Posey is better than both of the cornerbacks who will be defending him, but it won't matter if the throws aren't on target. It also won't matter how open the other receivers are if they don't come down with the accurate passes. Miller is not always accurate, but when he is, he absolutely needs his receivers to help him out. They are letting him down way too often this season. If the Buckeyes are going to pull off the upset in Ann Arbor, they simply can't have drops.
Ohio State was in a field position disadvantage all game long against Penn State last week, and they need their special teams to step up in this game and keep that from happening again. The return game for the Buckeyes has been very quiet over the last few weeks, however.
Drew Basil has made 13-16 field goals this year and the only extra point he has missed this season came on the blocked attempt that sent the Purdue game into overtime.
Much of this game will hang on punter Ben Buchanan's right foot. He has the ability to pin the Wolverines deep in their territory, and with Michigan's propensity to turn the ball over, something as simple as a punt could lead to a game-changing play.
How It Will End Up
The game will come down to three things: 1) Ohio State's tackling; 2) Michigan's run defense; and 3) turnovers.
The Buckeyes have shown that they are not a great tackling team, and it's hard to imagine that they will suddenly become one in the last game of the season, especially if they are without leading tackler Andrew Sweat.
If Ohio State isn't tackling, they will need to be able to run the ball regardless of how well they are throwing it. If they can run the ball, they can control the clock and negate the tackling issues.

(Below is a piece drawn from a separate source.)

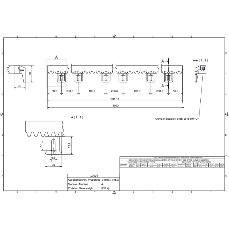 - 1 méteres szegmensek: A fogasléc 1 méteres darabokban érkezik, ami megkönnyíti a szállítást és a telepítést. A moduláris kialakítás lehetővé teszi a kapu méretéhez történő egyszerű igazítást.

Whomever wins the turnover battle will likely win. It's not an earth-shattering analysis, but shortened fields, or blown opportunities deep in opposing territory, will be tough to overcome. Nothing can be wasted in this game, especially scoring opportunities.
Both Braxton Miller and Denard Robinson are going to carry the ball a lot. Ohio State has to keep Robinson from breaking a long one, which he hasn't done at all during the conference season. His long carry of the Big Ten season is just 28 yards. Miller has four carries longer than that during Big Ten play.

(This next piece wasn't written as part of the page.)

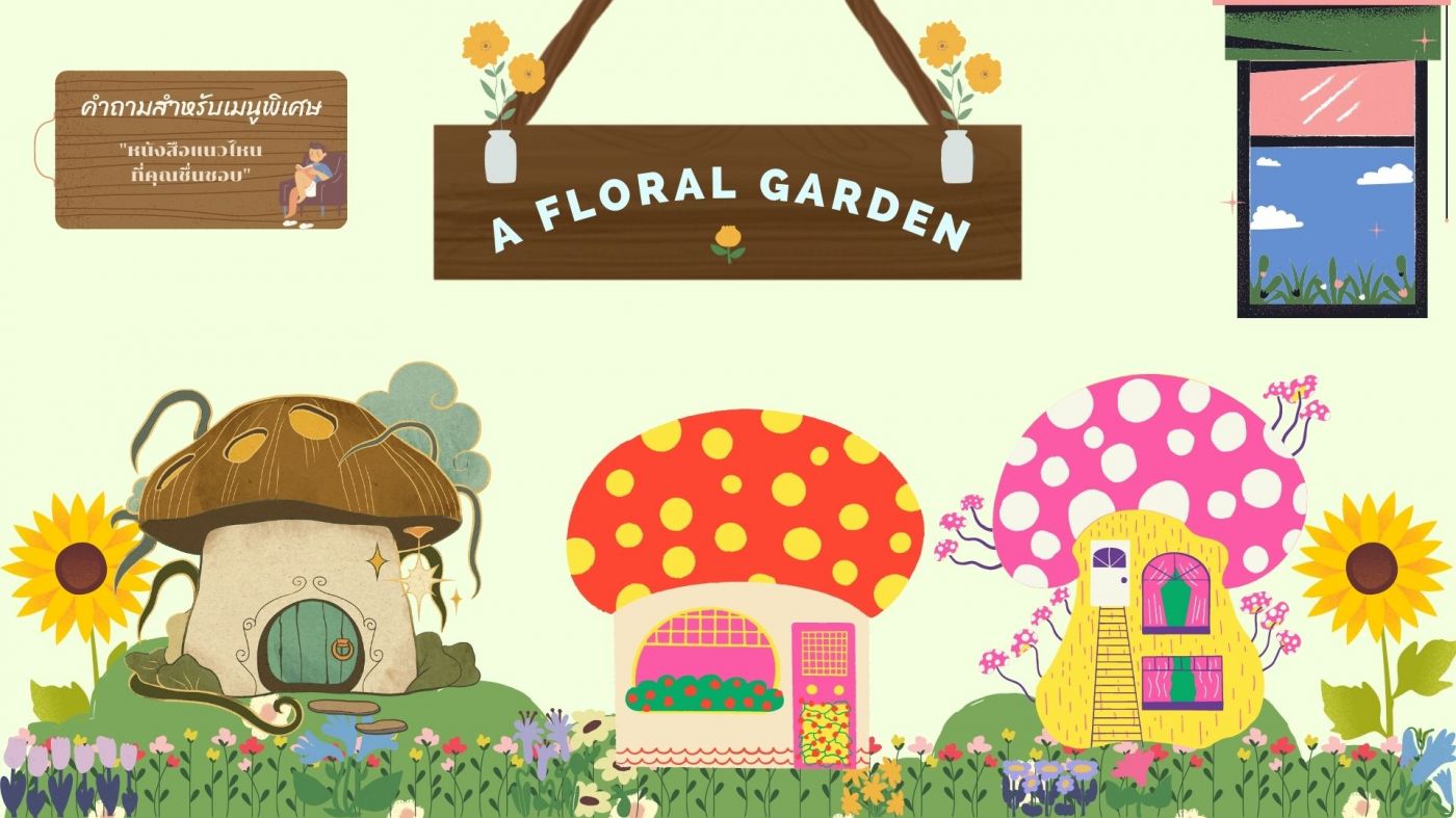 และทางร้านนำพาคุณเดินไปนั่งท่ามกลางสวนดอกไม้ที่สวยงาม ในบ้านเห็ดพิเศษที่มีเพียง ๓ หลัง และคุณถ่ายรูปไป อ่านไป เที่ยวไป พร้อมกับรออาหารเมนูพิเศษได้เลยค่ะ

Herron will struggle to run the ball, which means Miller will have to carry the offense on both the ground and in the air. The Michigan defense will be after him relentlessly with a variety of blitzes—a few of which they haven't even shown yet. Miller must not turn the ball over. A sack is preferable to an interception.
The Michigan running game will have success with Toussaint gaining large chunks of yards throughout the game, but he will also be stifled quite a bit. The Wolverines will capitalize on the field position that he gives them, however.
Robinson will have at least one 40-yard carry in this game, which will be a momentum changer.
The Buckeyes will open the game strong as they play for their departing head coach Luke Fickell, but emotion will only last so long. Eventually plays will have to be made, and the Wolverines will simply make more.